**Activity:** Transcribe every entry exactly; the images stay out.
[Information given]
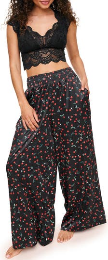 This set is made of lace, perfect for a cozy yet stylish evening. It features a lace short-sleeve crop top with lined cups and wide-leg satin pants with pockets, offering both comfort and style.
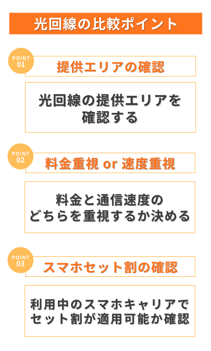 光回線選びで失敗しないためには、月額料金や通信速度、提供エリア、スマホとのセット割といった項目をしっかり比較し、自分に合ったサービスを選ぶことが重要です。
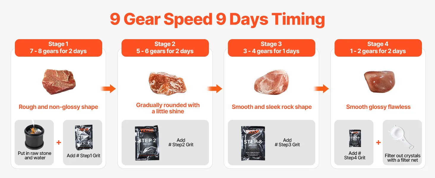 Choose from 9 precise speed settings tailored for each tumbling stage, with a timer extending up to 9 days. Simply set the stone tumbler and let it work, freeing up your time for other activities.
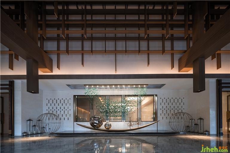 幸得泰興古城的和水風(fēng)光蔭庇,本案以富有當(dāng)?shù)刂鄞厣脑煨妥鳛槌跞腴T(mén)廳的主題設(shè)計(jì)方向。水療設(shè)計(jì)門(mén)廳的整體框架仿照了船艙內(nèi)的木質(zhì)結(jié)構(gòu)、以橫縱骨架為梁,迎賓處一楫悠然小船,搭配松枝、碧玉、水滴的自然元素,將自然氣韻融合現(xiàn)代的設(shè)計(jì)手法,勾勒出靜水深流的氛圍。
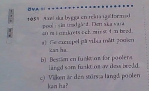 Varför 40-2x är fel? Där drar du bort två bredder från den totala omkretsen. Det som återstår då är två längder. Så, detta halveras för att få *en* poollängd.
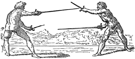 2. Добрый фехтовальщик, дерясь, всегда должен уметь во время защиты ответить уколом, но не должен продолжать и наносить удар, не будучи уверенным, что сможет парировать контрудар. Он не должен отстраняться, не выполнив удара в то же время, а если защищается кинжалом, то должен следить за тем, чтобы бить мечом в тот же миг, когда кинжал делает защитное движение.
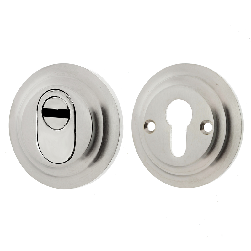 Schlüssellochrosetten-Set aus vernickeltem, matt gebürstetem Messing - Modell NM4242SET-ZA - handgearbeitet nach historischem Muster
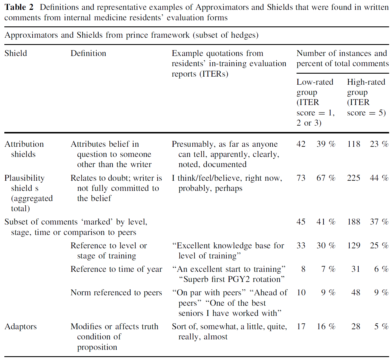 The phrase ‘‘Although I only interacted with himfor about 2 weeks’’ also offers a first look at the most common linguistic strategy we found in our data: Hedging, which was pervasive in our data, being present in 94 % of comments from low-performing residents and in 71 % of comments from high-performing residents (v2 = 27, p\0.001). Some examples of general hedging include phrases such as ‘‘could have been a little more rapid in starting the clinic/picking up charts to get going’’ or ‘‘works well, fairly independently’’. The words ‘‘could have’’, ‘‘a little more’’, and ‘‘fairly’’ are hedges because they affect either the ‘truth condition’ of the statement or the writer’s commitment to the assertions made—in the first instance the attending could instead have written ‘‘should have been more rapid in starting the clinic’’ which would leave no room for doubt. Most hedges were further classifiable as either Attribution or Plausibility Shields. Table 2 contains further definitions and examples of subtypes of hedging including Approximators and Shields.
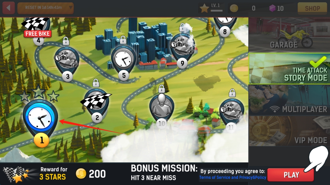 1、地圖關(guān)卡界面,選帶時(shí)鐘標(biāo)識(shí)的關(guān)卡1,留意FREE-BIKE、BONUS-MISSION,點(diǎn)擊進(jìn)入。
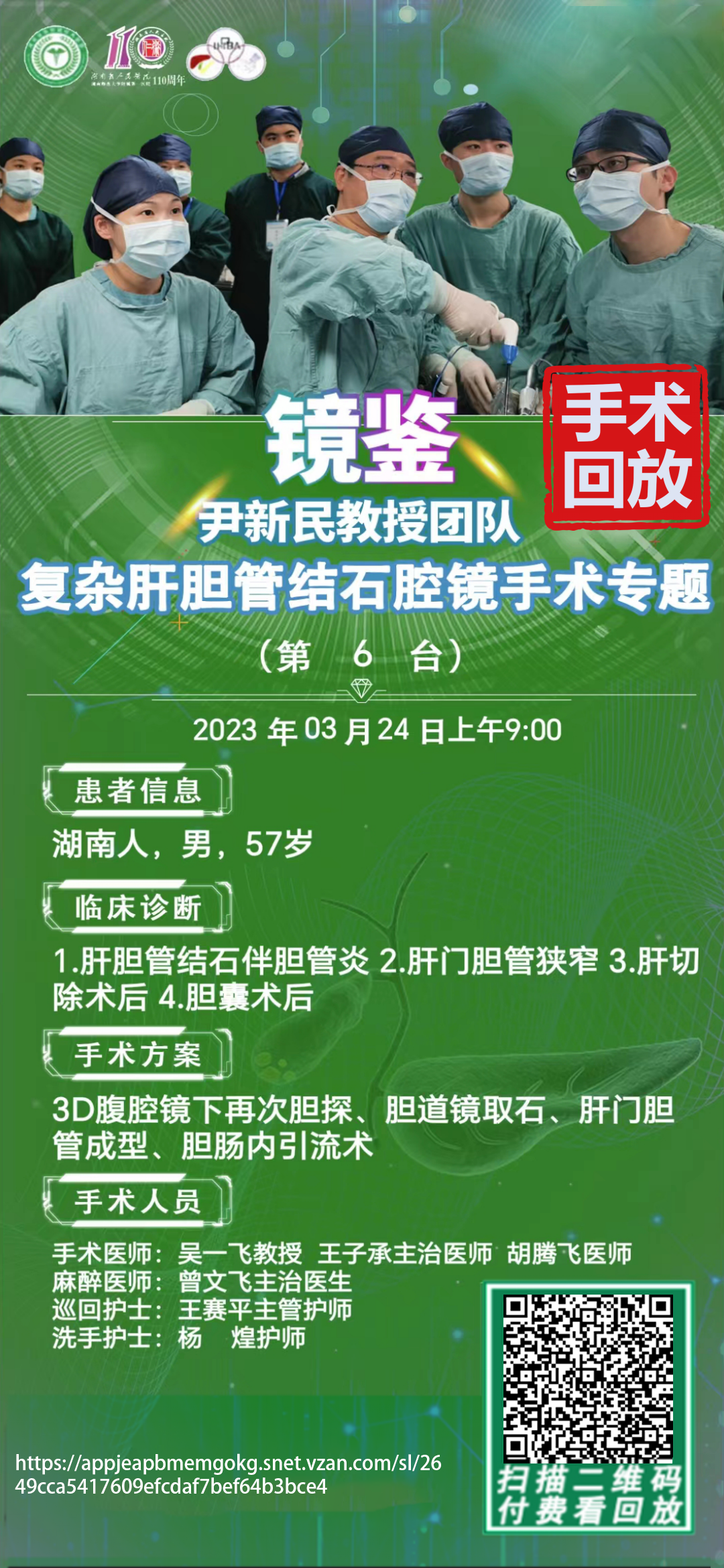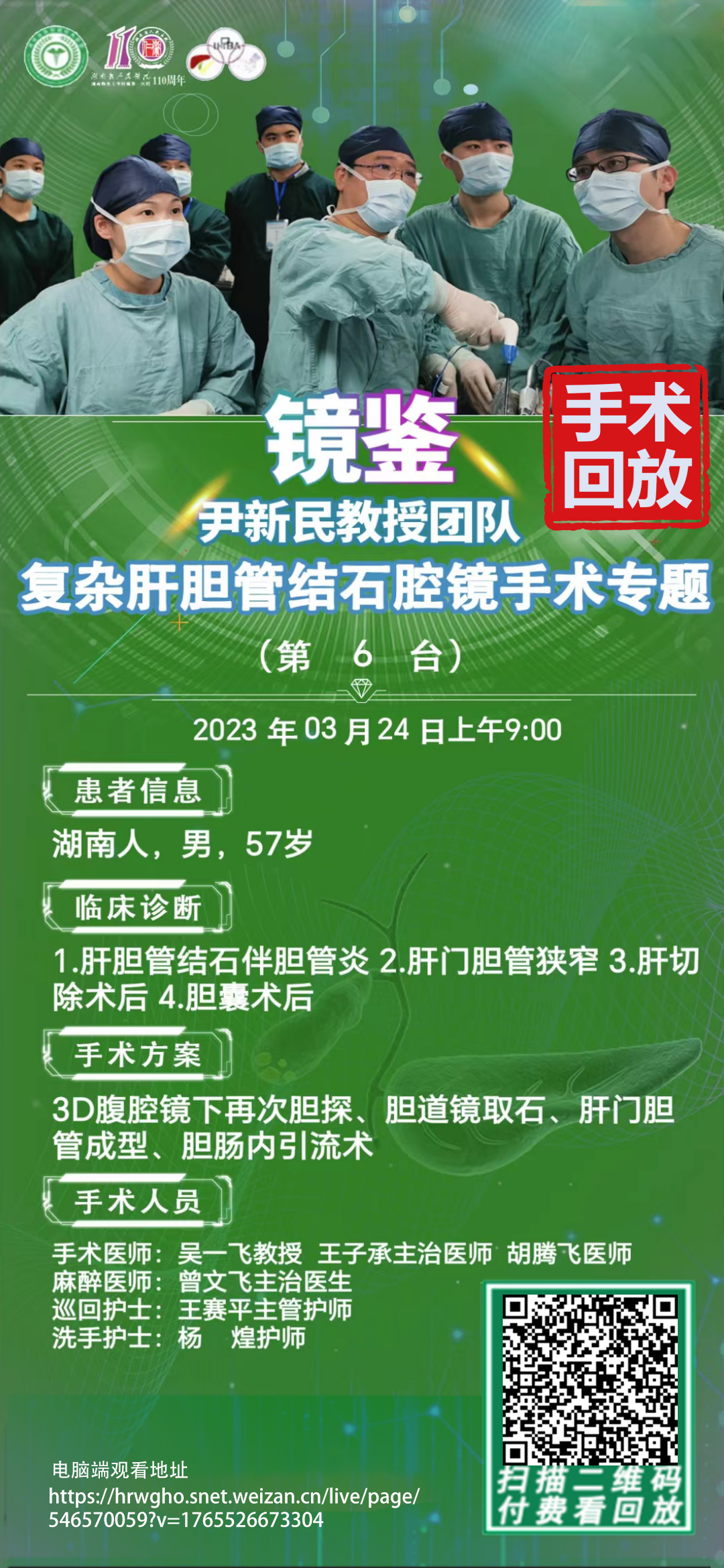 尹新民教授团队第6台|3D腹腔镜下再次胆探、胆管镜取石、肝门胆管成型、胆肠内引流术|1.肝胆管结石伴胆管炎 2.肝门胆管狭窄 3. 肝切除术后 4.胆囊术后|20230324
[/Information given]
**Response area:**
 This set is made of lace, perfect for a cozy yet stylish evening. It features a lace short-sleeve crop top with lined cups and wide-leg satin pants with pockets, offering both comfort and style.
 光回線選びで失敗しないためには、月額料金や通信速度、提供エリア、スマホとのセット割といった項目をしっかり比較し、自分に合ったサービスを選ぶことが重要です。
 Choose from 9 precise speed settings tailored for each tumbling stage, with a timer extending up to 9 days. Simply set the stone tumbler and let it work, freeing up your time for other activities.
 幸得泰興古城的和水風(fēng)光蔭庇,本案以富有當(dāng)?shù)刂鄞厣脑煨妥鳛槌跞腴T(mén)廳的主題設(shè)計(jì)方向。水療設(shè)計(jì)門(mén)廳的整體框架仿照了船艙內(nèi)的木質(zhì)結(jié)構(gòu)、以橫縱骨架為梁,迎賓處一楫悠然小船,搭配松枝、碧玉、水滴的自然元素,將自然氣韻融合現(xiàn)代的設(shè)計(jì)手法,勾勒出靜水深流的氛圍。
 Varför 40-2x är fel? Där drar du bort två bredder från den totala omkretsen. Det som återstår då är två längder. Så, detta halveras för att få *en* poollängd.
 2. Добрый фехтовальщик, дерясь, всегда должен уметь во время защиты ответить уколом, но не должен продолжать и наносить удар, не будучи уверенным, что сможет парировать контрудар. Он не должен отстраняться, не выполнив удара в то же время, а если защищается кинжалом, то должен следить за тем, чтобы бить мечом в тот же миг, когда кинжал делает защитное движение.
 Schlüssellochrosetten-Set aus vernickeltem, matt gebürstetem Messing - Modell NM4242SET-ZA - handgearbeitet nach historischem Muster
 The phrase ‘‘Although I only interacted with himfor about 2 weeks’’ also offers a first look at the most common linguistic strategy we found in our data: Hedging, which was pervasive in our data, being present in 94 % of comments from low-performing residents and in 71 % of comments from high-performing residents (v2 = 27, p\0.001). Some examples of general hedging include phrases such as ‘‘could have been a little more rapid in starting the clinic/picking up charts to get going’’ or ‘‘works well, fairly independently’’. The words ‘‘could have’’, ‘‘a little more’’, and ‘‘fairly’’ are hedges because they affect either the ‘truth condition’ of the statement or the writer’s commitment to the assertions made—in the first instance the attending could instead have written ‘‘should have been more rapid in starting the clinic’’ which would leave no room for doubt. Most hedges were further classifiable as either Attribution or Plausibility Shields. Table 2 contains further definitions and examples of subtypes of hedging including Approximators and Shields.
 1、地圖關(guān)卡界面,選帶時(shí)鐘標(biāo)識(shí)的關(guān)卡1,留意FREE-BIKE、BONUS-MISSION,點(diǎn)擊進(jìn)入。
 尹新民教授团队第6台|3D腹腔镜下再次胆探、胆管镜取石、肝门胆管成型、胆肠内引流术|1.肝胆管结石伴胆管炎 2.肝门胆管狭窄 3. 肝切除术后 4.胆囊术后|20230324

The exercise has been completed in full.